Leaving out only the pictures, write out all the entries exactly.

*** Opening Data ***

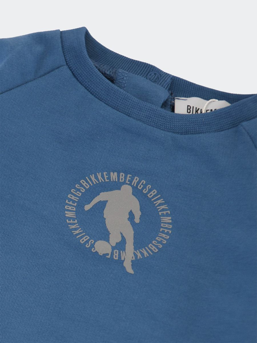 Tuta composto da felpa girocollo con Stampa Logo e bottone su spalla. Pantalone jogging tinta unita con regolazione a cordino
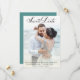 Snyggt Script-kalligrafi enkel, elegant och minimal Bröllop-fotobesparing Datumkortet.En perfekt tropisk stranddestination som rensades för att spara datumkortet med akvatisk grönt eller tropisk grönt färg bakgroud
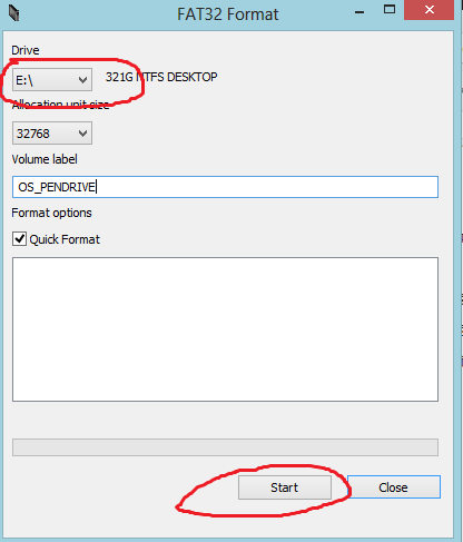 ৩. এবার ইন্টারফেস পাবেন লক্ষ্য করুন আপনার পেন্ড্রাইভের লেটারটি নির্বাচন করুন। ধরুন এটি E ড্রাইভ তাহলে ড্রপ ডাউন থেকে E নির্বাচন করুন।
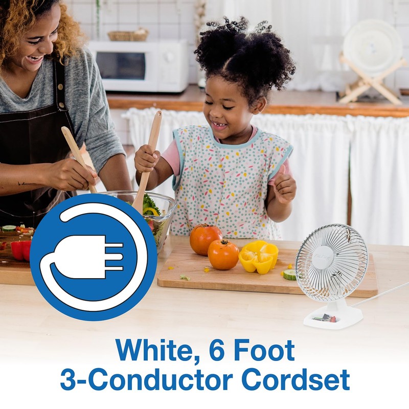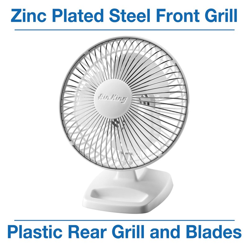 Amazon.comAir King 6-inch 2-speed personal fan is great for use in any area where space is limited, such as offices, beauty salons, toll booths, and stores. The 120-volt, 1/300 HP permanently lubricated motor provides a quiet performance and moves air at two levels, for optimal comfort. It comprises a durable front grill with an impact-resistant rear grill and a polypropylene blade for long-lasting durability. Additionally, a rear-mounted rotary switch allows you to easily control the fan. As an added feature, a convenient well at the base creates a storage space for paper clips, erasers, coins, and other office essentials to help decrease the clutter on your desk. It is OSHA approved for safety. This product measures 8.125-by-6.25-by-10.375-inches (LxWxH) and weighs 2.10 pounds.What's in the Box2-speed fan and 7-foot, 3-conductor type SPT power cordProduct descriptionSold in packs of 4, must purchase in multiples of 4 Air King Commercial Grade Office Fans are ideal for use in offices, production lines, kitchens, beauty salons, toll booths, stores and anywhere else space is limited. Features: Mount: Table Motor: 2-Speed 1/300 Horsepower 1 phase permanently lubricated Controls: Rear Mounted Rotary Switch Power Cord: 6' SPT Type with 3-Conductor Construction: Zinc plated steel front grill with impact resistant plastic rear grill and chemical resistant polypropylene blade Compliance: ETL, OSHA Blade Size: 6" x 6" CFM: 90-190 Dimensions: 8.13" Length x 6.25" Width x 10.38" Height Weight: 2.2 Volts: 120
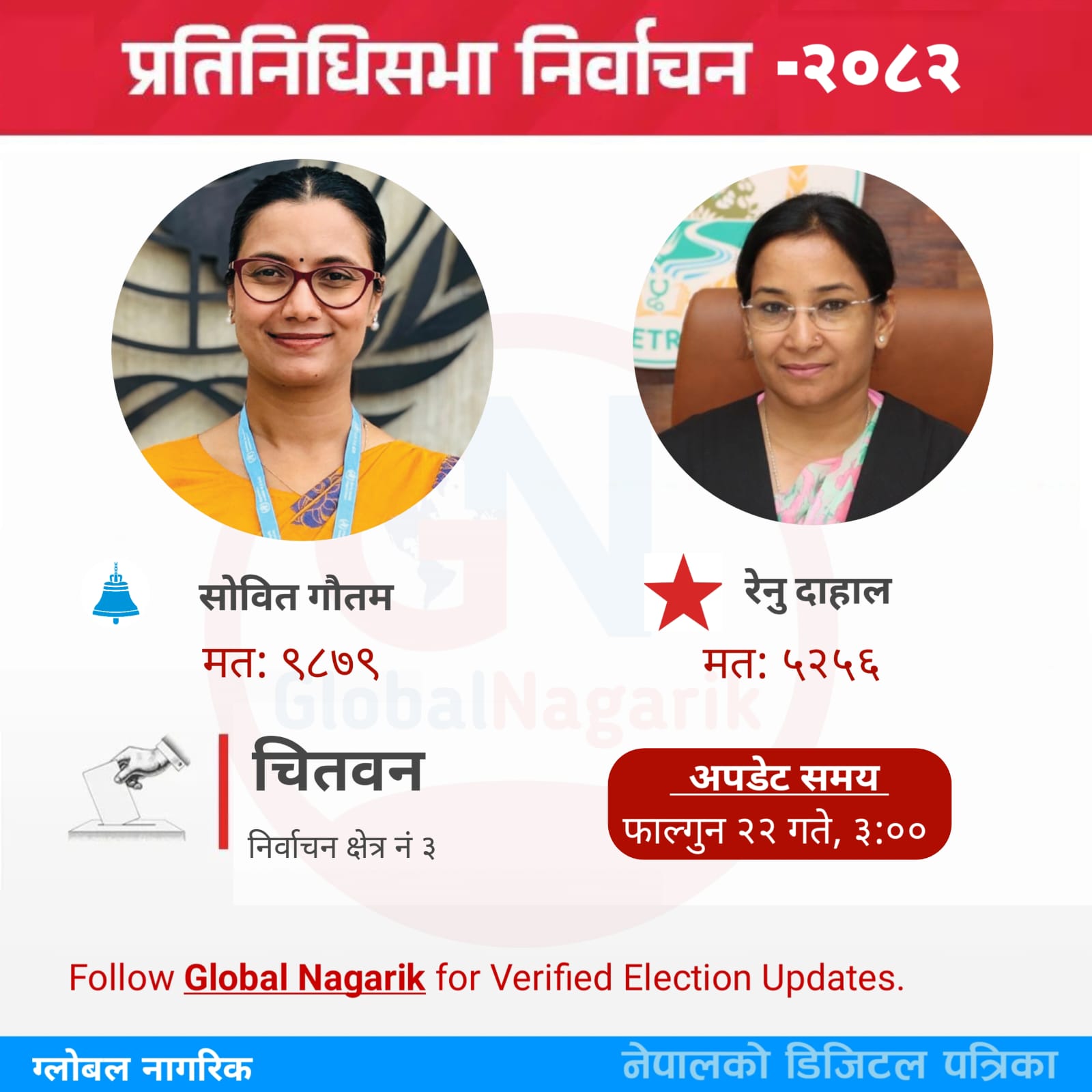 चितवन । प्रतिनिधिसभा निर्वाचनअन्तर्गत चितवन क्षेत्र नम्बर–३ मा राष्ट्रिय स्वतन्त्र पार्टी (रास्वपा)की उम्मेदवार सोविता गौतमले उल्लेखनीय अग्रता कायम गरेकी छिन्।
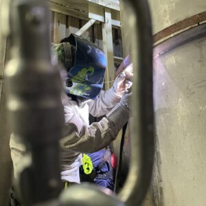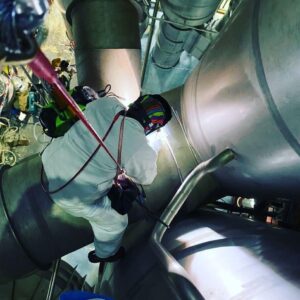 Soldaduras TIG y arco manual realizadas por soldador calificado, los cuales acceden a travez de sistemas de acceso por cuerda a zonas de difícil acceso en las cuales no se puede llegar con alza hombres andamios o escaleras.
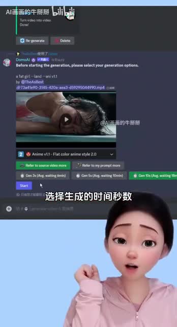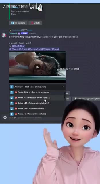 这里我们上传你要转化为动画片的原视频,在后面简单的输入一下描述的关键字,比如说a bad girl。然后发送指令。紧接着它会出现一个让你选择的对话框,看这里我们可以选择不同的动画形式。
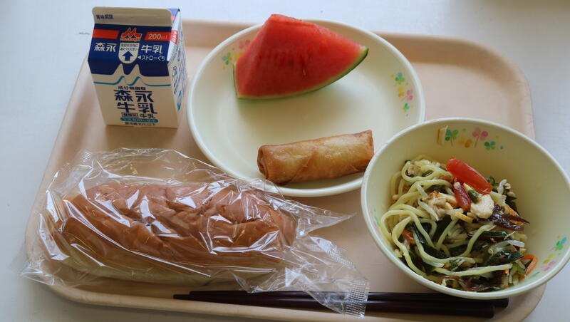 今日の献立は【牛乳、ミルクパン、冷やし中華、春巻き、スイカ】でした。今日の主役は、やはり「冷やし中華」ですね。今年もついに始まりました!暑い日の冷やし中華は、体の中まで染み渡るような美味しさで、あっという間に食べきってしまいました。トマト、わかめ、キュウリ等、栄養いっぱいの食材も入っており、本当にありがたいメニューでした。今日はデザートに「スイカ」もありました。とても甘く、みずみずしく、美味しくいただきました。冷やし中華とスイカを食べていると、小学生の頃の夏休みを思い出し、とても懐かしい気持ちになりました・・・。今日も美味しい給食に感謝・感謝です。
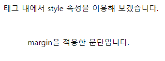 <p style="margin: 50px">margin을 적용한 문단입니다.</p>
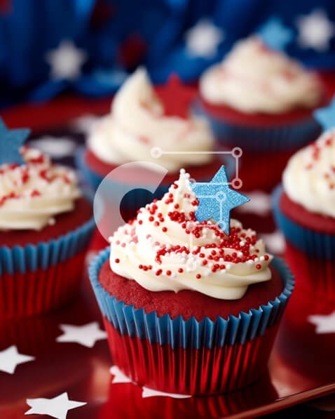 Υπάρχει δυνατότητα προσωποποίησης με δική σας φωτογραφία και προσαρμογής διαστάσεων κατόπιν παραγγελίας. Το συγεκεριμενο puzzle παρουσιαζει Η εικόνα δείχνει έναν δίσκο με cupcakes στολισμένο με κόκκινο, λευκό και μπλε γλάσο. Κάθε cupcake εμφανίζεται πάνω από ένα άλλο cupcake, δημιουργώντας μια οπτικά ελκυστική διάταξη. Επιπλέον, πολλά αστέρια είναι σκορπισμένα στην επιφάνεια εργασίας, προσθέτοντας μια εορταστική π
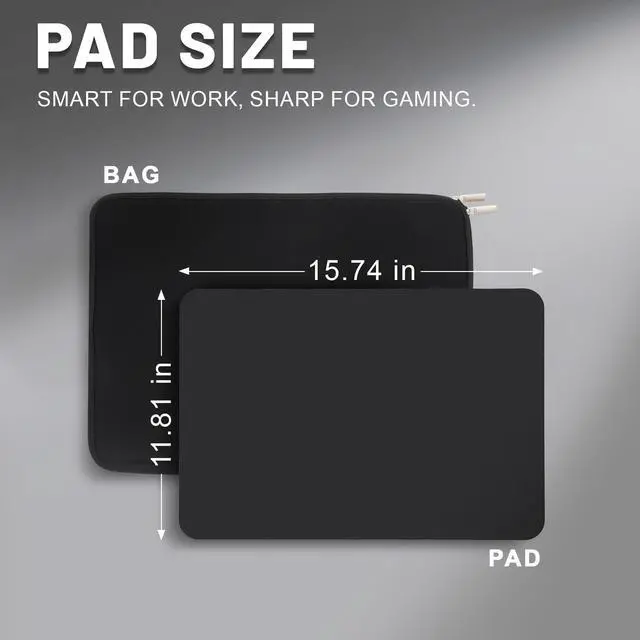 Dimensions: The glass mouse pad is available in two sizes: 13.8 inches 9.8 inches and 15.7 inches 11.8 inches. Its 3.5 mm thickness effectively reduces wrist height differences, alleviating discomfort during use and providing unrestricted maneuvering space for low-sensitivity gamers. ^^ Easy to Clean and

*** Closing Data ***

Solution for this exercise
 Tuta composto da felpa girocollo con Stampa Logo e bottone su spalla. Pantalone jogging tinta unita con regolazione a cordino
 Snyggt Script-kalligrafi enkel, elegant och minimal Bröllop-fotobesparing Datumkortet.En perfekt tropisk stranddestination som rensades för att spara datumkortet med akvatisk grönt eller tropisk grönt färg bakgroud
 ৩. এবার ইন্টারফেস পাবেন লক্ষ্য করুন আপনার পেন্ড্রাইভের লেটারটি নির্বাচন করুন। ধরুন এটি E ড্রাইভ তাহলে ড্রপ ডাউন থেকে E নির্বাচন করুন।
 Amazon.comAir King 6-inch 2-speed personal fan is great for use in any area where space is limited, such as offices, beauty salons, toll booths, and stores. The 120-volt, 1/300 HP permanently lubricated motor provides a quiet performance and moves air at two levels, for optimal comfort. It comprises a durable front grill with an impact-resistant rear grill and a polypropylene blade for long-lasting durability. Additionally, a rear-mounted rotary switch allows you to easily control the fan. As an added feature, a convenient well at the base creates a storage space for paper clips, erasers, coins, and other office essentials to help decrease the clutter on your desk. It is OSHA approved for safety. This product measures 8.125-by-6.25-by-10.375-inches (LxWxH) and weighs 2.10 pounds.What's in the Box2-speed fan and 7-foot, 3-conductor type SPT power cordProduct descriptionSold in packs of 4, must purchase in multiples of 4 Air King Commercial Grade Office Fans are ideal for use in offices, production lines, kitchens, beauty salons, toll booths, stores and anywhere else space is limited. Features: Mount: Table Motor: 2-Speed 1/300 Horsepower 1 phase permanently lubricated Controls: Rear Mounted Rotary Switch Power Cord: 6' SPT Type with 3-Conductor Construction: Zinc plated steel front grill with impact resistant plastic rear grill and chemical resistant polypropylene blade Compliance: ETL, OSHA Blade Size: 6" x 6" CFM: 90-190 Dimensions: 8.13" Length x 6.25" Width x 10.38" Height Weight: 2.2 Volts: 120
 चितवन । प्रतिनिधिसभा निर्वाचनअन्तर्गत चितवन क्षेत्र नम्बर–३ मा राष्ट्रिय स्वतन्त्र पार्टी (रास्वपा)की उम्मेदवार सोविता गौतमले उल्लेखनीय अग्रता कायम गरेकी छिन्।
 Soldaduras TIG y arco manual realizadas por soldador calificado, los cuales acceden a travez de sistemas de acceso por cuerda a zonas de difícil acceso en las cuales no se puede llegar con alza hombres andamios o escaleras.
 这里我们上传你要转化为动画片的原视频,在后面简单的输入一下描述的关键字,比如说a bad girl。然后发送指令。紧接着它会出现一个让你选择的对话框,看这里我们可以选择不同的动画形式。
 今日の献立は【牛乳、ミルクパン、冷やし中華、春巻き、スイカ】でした。今日の主役は、やはり「冷やし中華」ですね。今年もついに始まりました!暑い日の冷やし中華は、体の中まで染み渡るような美味しさで、あっという間に食べきってしまいました。トマト、わかめ、キュウリ等、栄養いっぱいの食材も入っており、本当にありがたいメニューでした。今日はデザートに「スイカ」もありました。とても甘く、みずみずしく、美味しくいただきました。冷やし中華とスイカを食べていると、小学生の頃の夏休みを思い出し、とても懐かしい気持ちになりました・・・。今日も美味しい給食に感謝・感謝です。
 <p style="margin: 50px">margin을 적용한 문단입니다.</p>
 Υπάρχει δυνατότητα προσωποποίησης με δική σας φωτογραφία και προσαρμογής διαστάσεων κατόπιν παραγγελίας. Το συγεκεριμενο puzzle παρουσιαζει Η εικόνα δείχνει έναν δίσκο με cupcakes στολισμένο με κόκκινο, λευκό και μπλε γλάσο. Κάθε cupcake εμφανίζεται πάνω από ένα άλλο cupcake, δημιουργώντας μια οπτικά ελκυστική διάταξη. Επιπλέον, πολλά αστέρια είναι σκορπισμένα στην επιφάνεια εργασίας, προσθέτοντας μια εορταστική π
 Dimensions: The glass mouse pad is available in two sizes: 13.8 inches 9.8 inches and 15.7 inches 11.8 inches. Its 3.5 mm thickness effectively reduces wrist height differences, alleviating discomfort during use and providing unrestricted maneuvering space for low-sensitivity gamers. ^^ Easy to Clean and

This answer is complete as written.